Task
When you copy the data, keep every word exactly as it is and leave the pictures out.

====

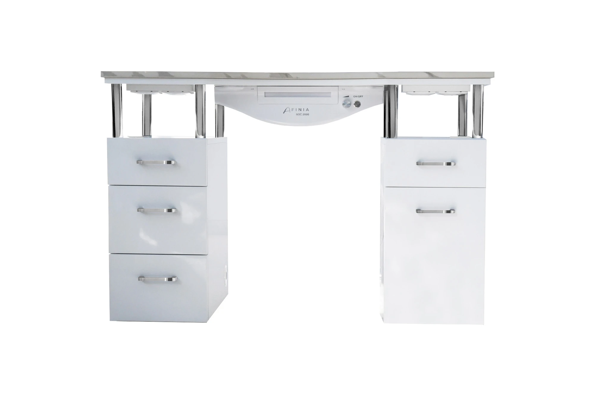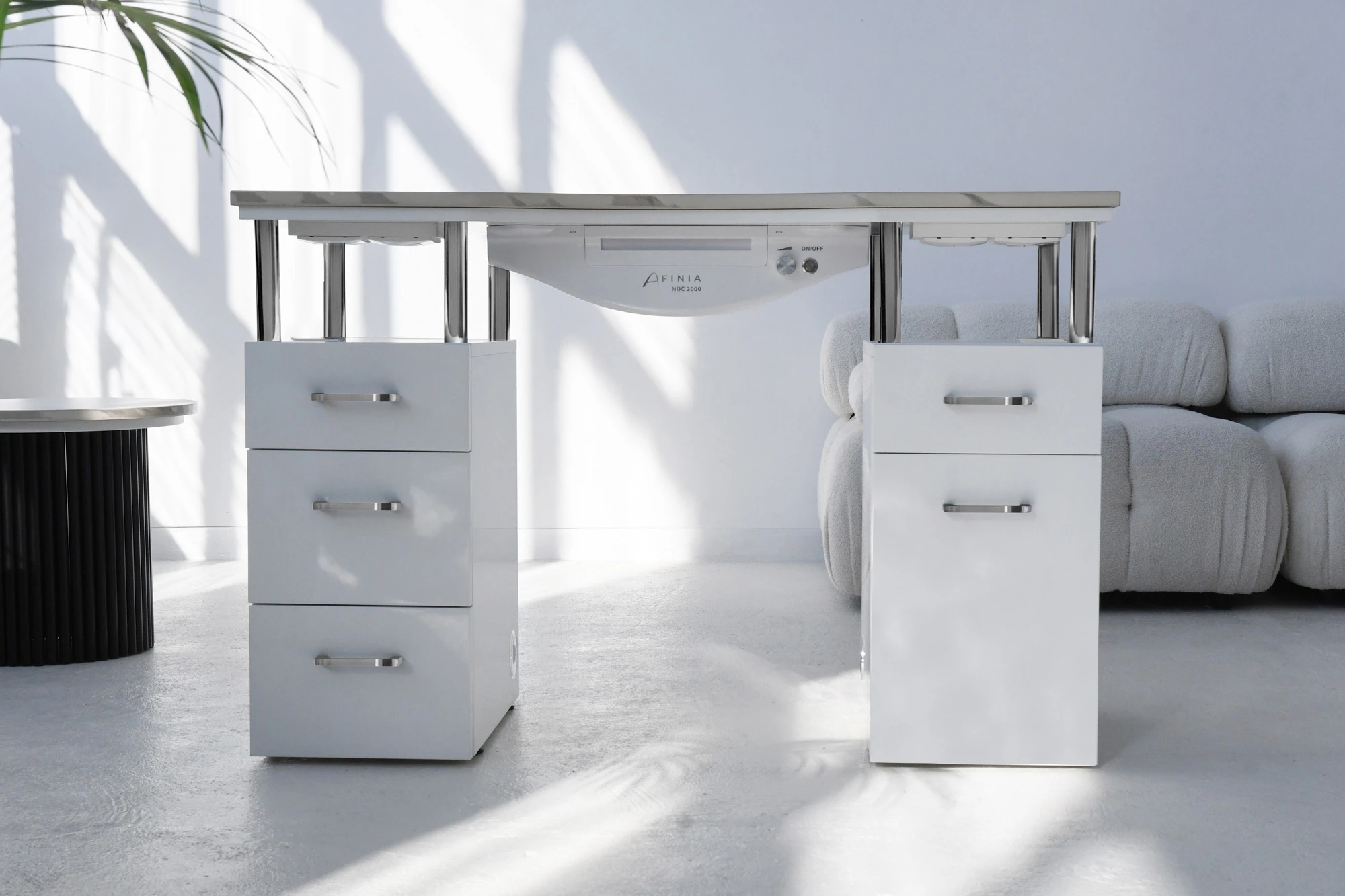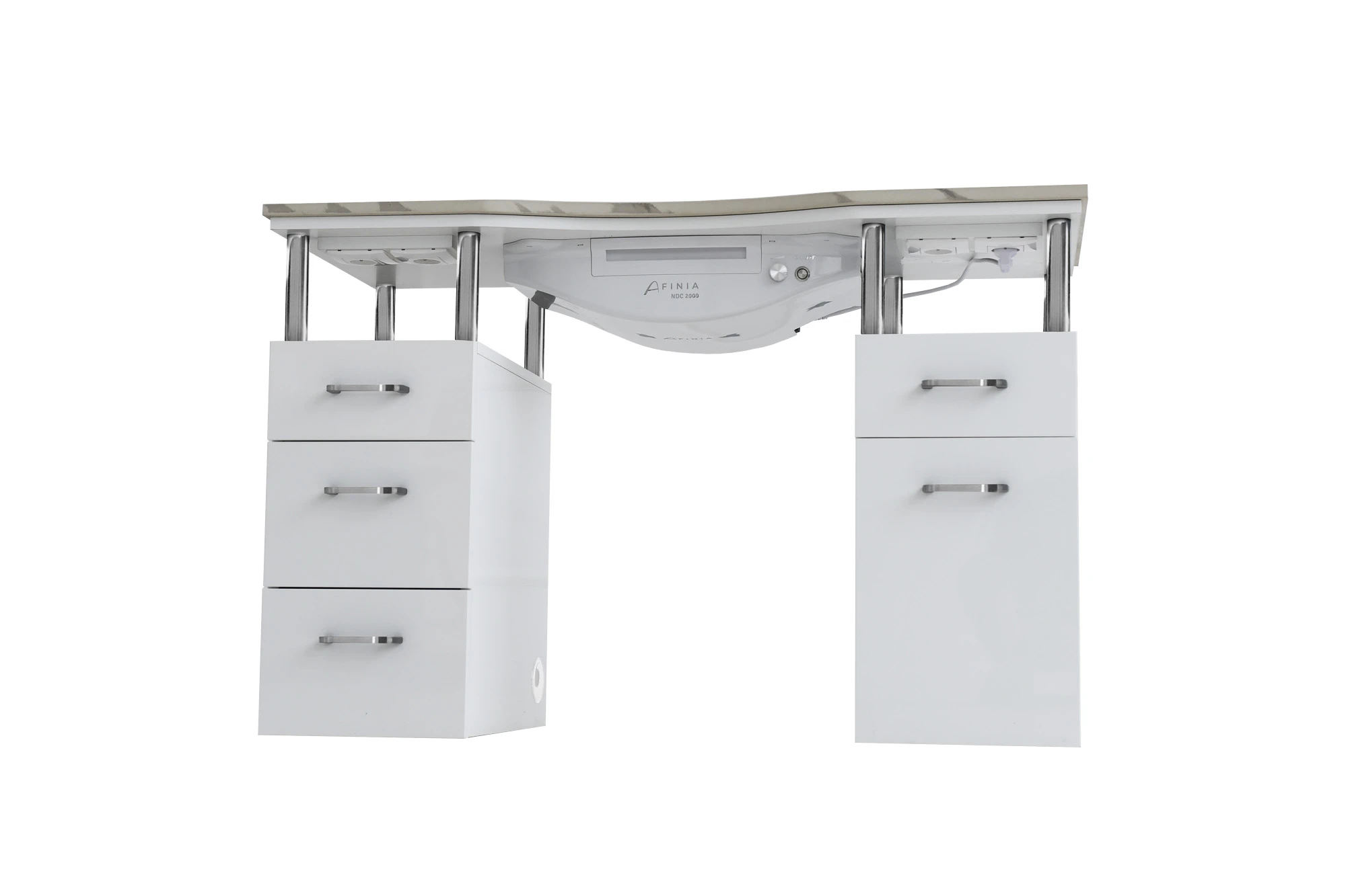 Afinia Basic Quartz Sintered Cosmetic Desk er en funktionel og æstetisk løsning til kosmetiske rum. Dens enkle og universelle design byder på rigelig opbevaringsplads med 5 skuffer. Bordpladen lavet af sintret kvarts garanterer uovertruffen holdbarhed og styrke og overgår markant granits egenskaber. Sintret kvarts er meget modstandsdygtig over for mekaniske skader, hvilket gør det ekstremt vanskeligt at beskadige permanent. Dette gør Afinia Basic skrivebordet ikke kun smukt, men også en pålidelig løsning til enhver skønhedssalon.
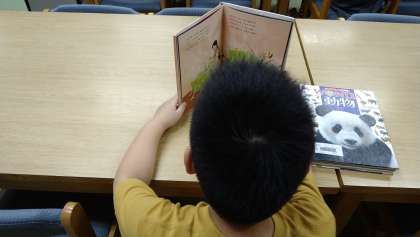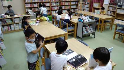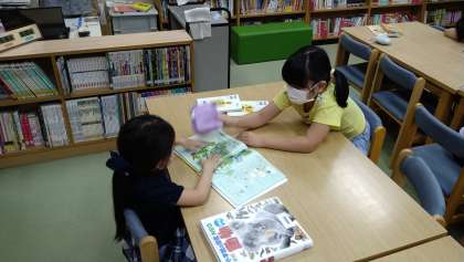 本を借りる際は、児童のバーコードを読み取ったあと、本のバーコードを読み取ります。借りる本が決まると読みたい本を選んで読んでいます、
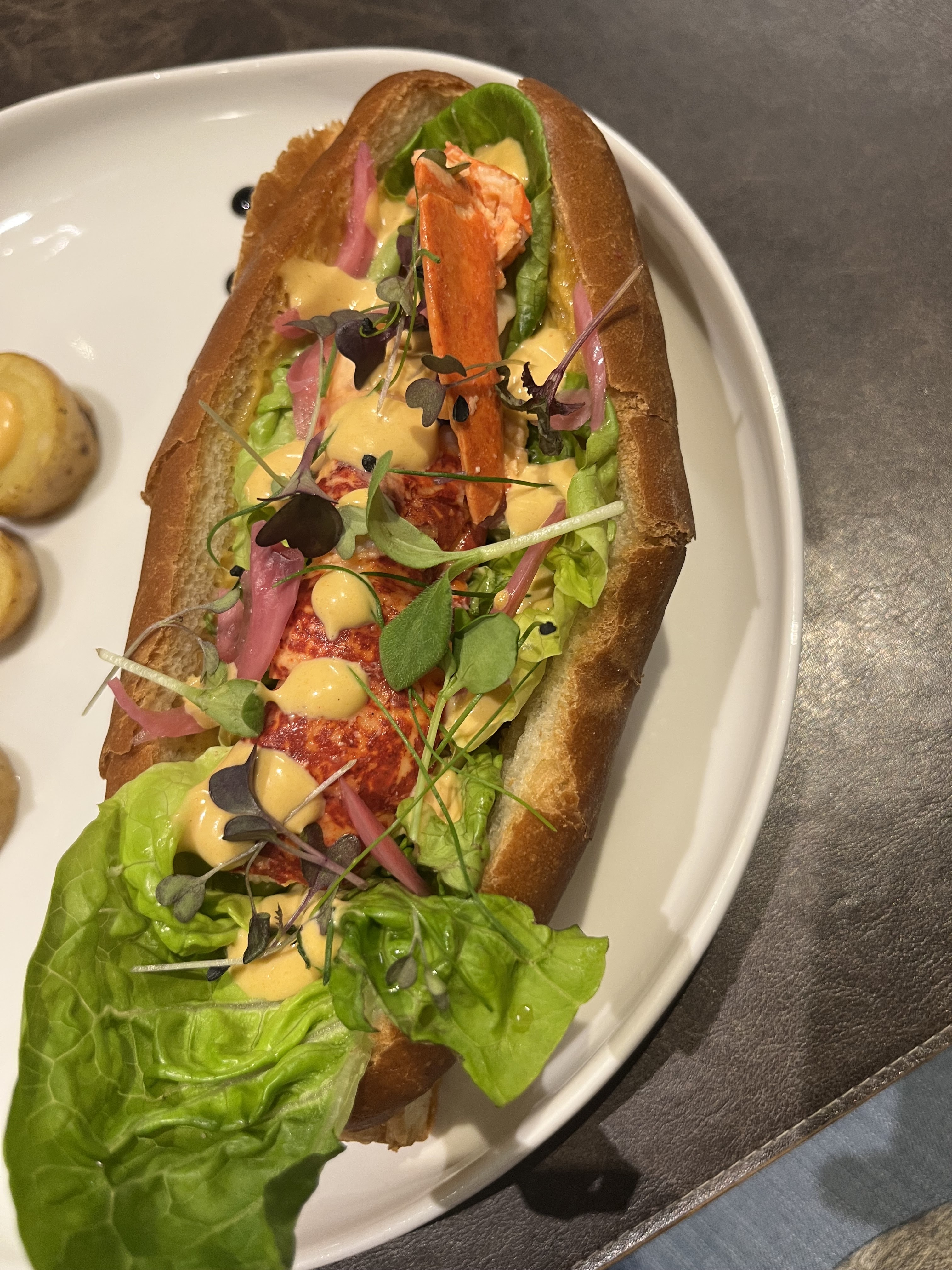 Posté le 16/08/2024 à 15:11"Très belle expérience, un menu recherché, belle carte de vins. Chouette terrasse. On s’y plaît. Photo : lobster roll. Un baba, oui un vrai baba, Merci"
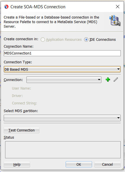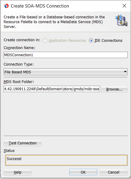 - Establishing the connection to SOA-MDS in Jdeveloper.
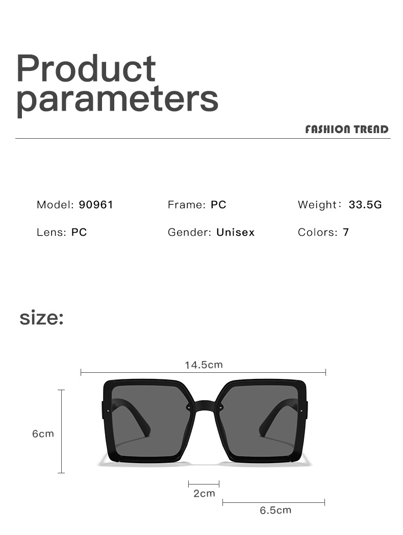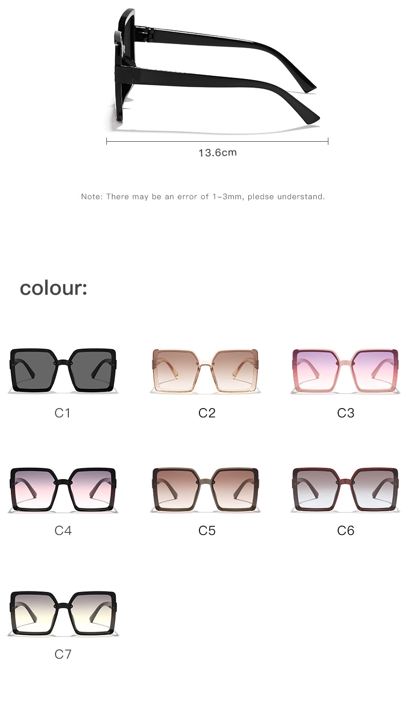 跨境新款韩版大方框素颜显脸小墨镜PC镜片潮流时尚穿搭必备太阳镜
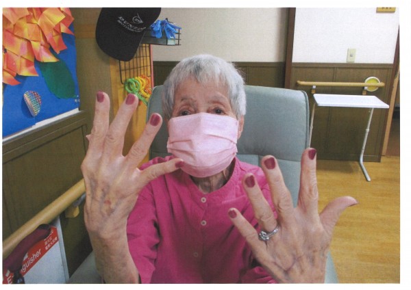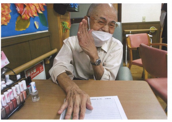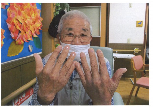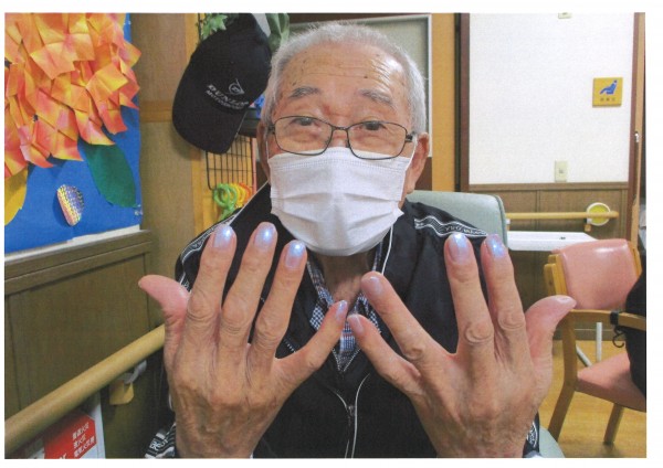 本日は【ネイルケア】の日。手の爪を整えお好きな色を爪にのせていきます。爪にネイルするだけで気分も上がりますね。男性は透明の爪の保護にもなるものをつけました。爪がピカピカになると男性も笑顔になりますね。初めて体験される方も多いので新鮮な感覚だといわれる方も。ピンクやブルーを付けた方もいらっしゃいます。色々な事を体験して、その感覚を味わうのも良い経験になりますね。女性陣もネイルを見せ合ってお話が盛り上がっていらっしゃいました♪
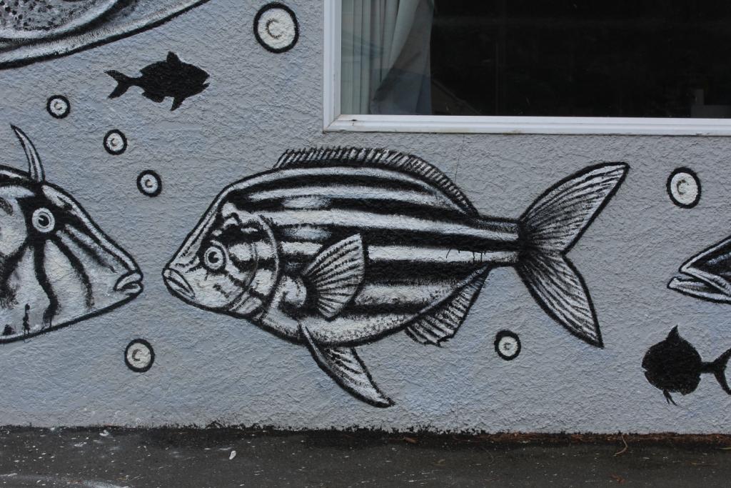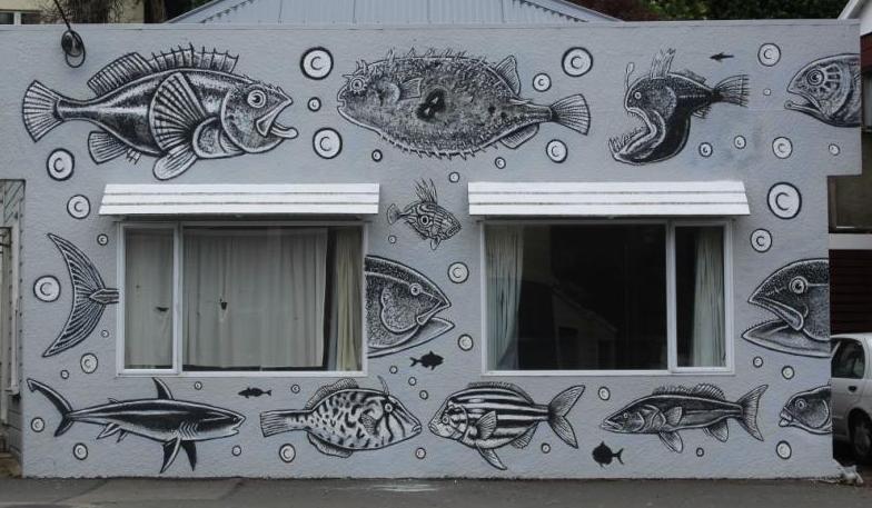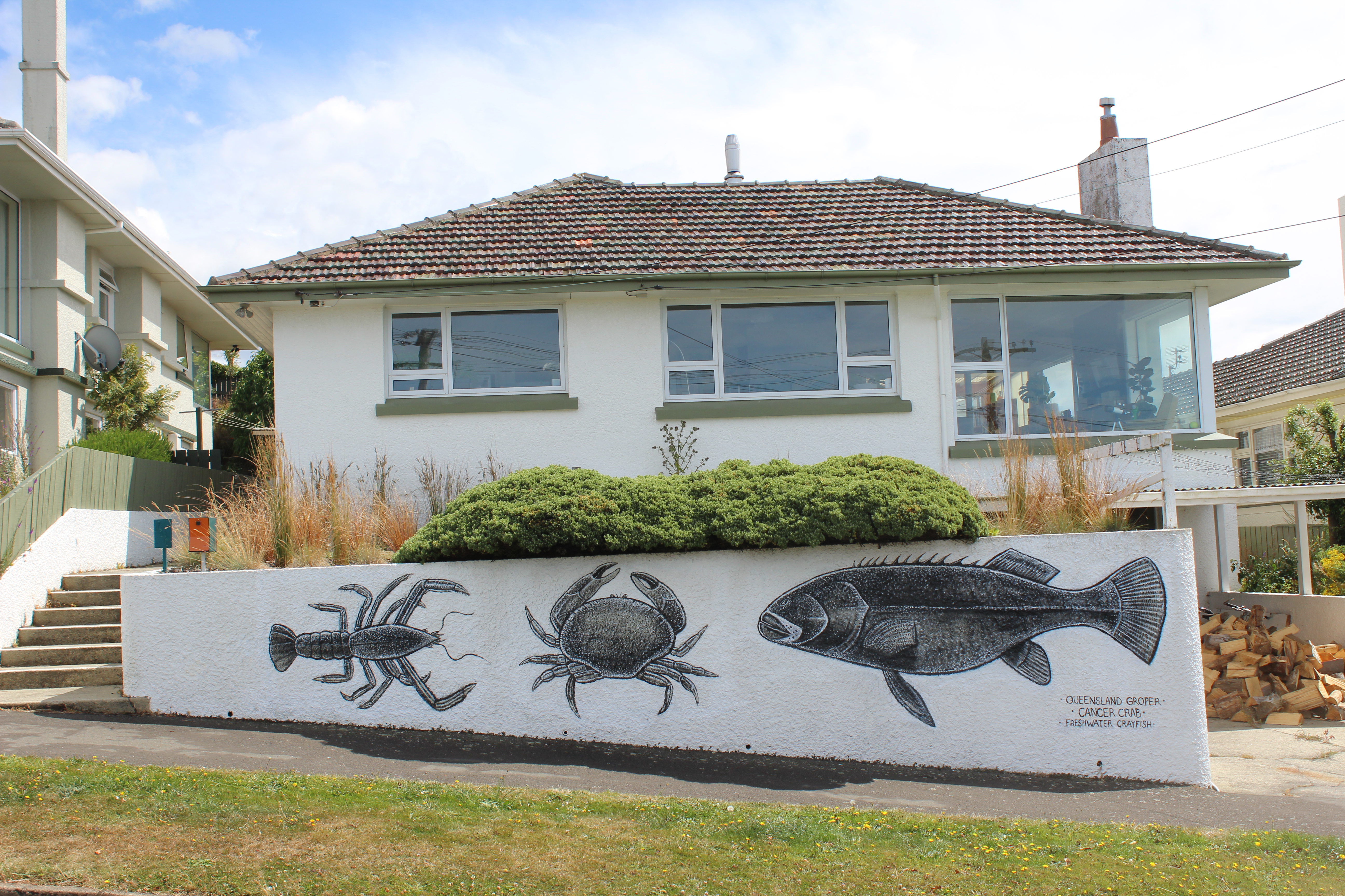 11) NZ Coastal Fish (as well as a deep sea angler fish) on the side of a private house in North Road in North East Valley. Private Commission January 2019.

====

Answer to this exercise
 Afinia Basic Quartz Sintered Cosmetic Desk er en funktionel og æstetisk løsning til kosmetiske rum. Dens enkle og universelle design byder på rigelig opbevaringsplads med 5 skuffer. Bordpladen lavet af sintret kvarts garanterer uovertruffen holdbarhed og styrke og overgår markant granits egenskaber. Sintret kvarts er meget modstandsdygtig over for mekaniske skader, hvilket gør det ekstremt vanskeligt at beskadige permanent. Dette gør Afinia Basic skrivebordet ikke kun smukt, men også en pålidelig løsning til enhver skønhedssalon.
 本を借りる際は、児童のバーコードを読み取ったあと、本のバーコードを読み取ります。借りる本が決まると読みたい本を選んで読んでいます、
 Posté le 16/08/2024 à 15:11"Très belle expérience, un menu recherché, belle carte de vins. Chouette terrasse. On s’y plaît. Photo : lobster roll. Un baba, oui un vrai baba, Merci"
 - Establishing the connection to SOA-MDS in Jdeveloper.
 跨境新款韩版大方框素颜显脸小墨镜PC镜片潮流时尚穿搭必备太阳镜
 本日は【ネイルケア】の日。手の爪を整えお好きな色を爪にのせていきます。爪にネイルするだけで気分も上がりますね。男性は透明の爪の保護にもなるものをつけました。爪がピカピカになると男性も笑顔になりますね。初めて体験される方も多いので新鮮な感覚だといわれる方も。ピンクやブルーを付けた方もいらっしゃいます。色々な事を体験して、その感覚を味わうのも良い経験になりますね。女性陣もネイルを見せ合ってお話が盛り上がっていらっしゃいました♪
 11) NZ Coastal Fish (as well as a deep sea angler fish) on the side of a private house in North Road in North East Valley. Private Commission January 2019.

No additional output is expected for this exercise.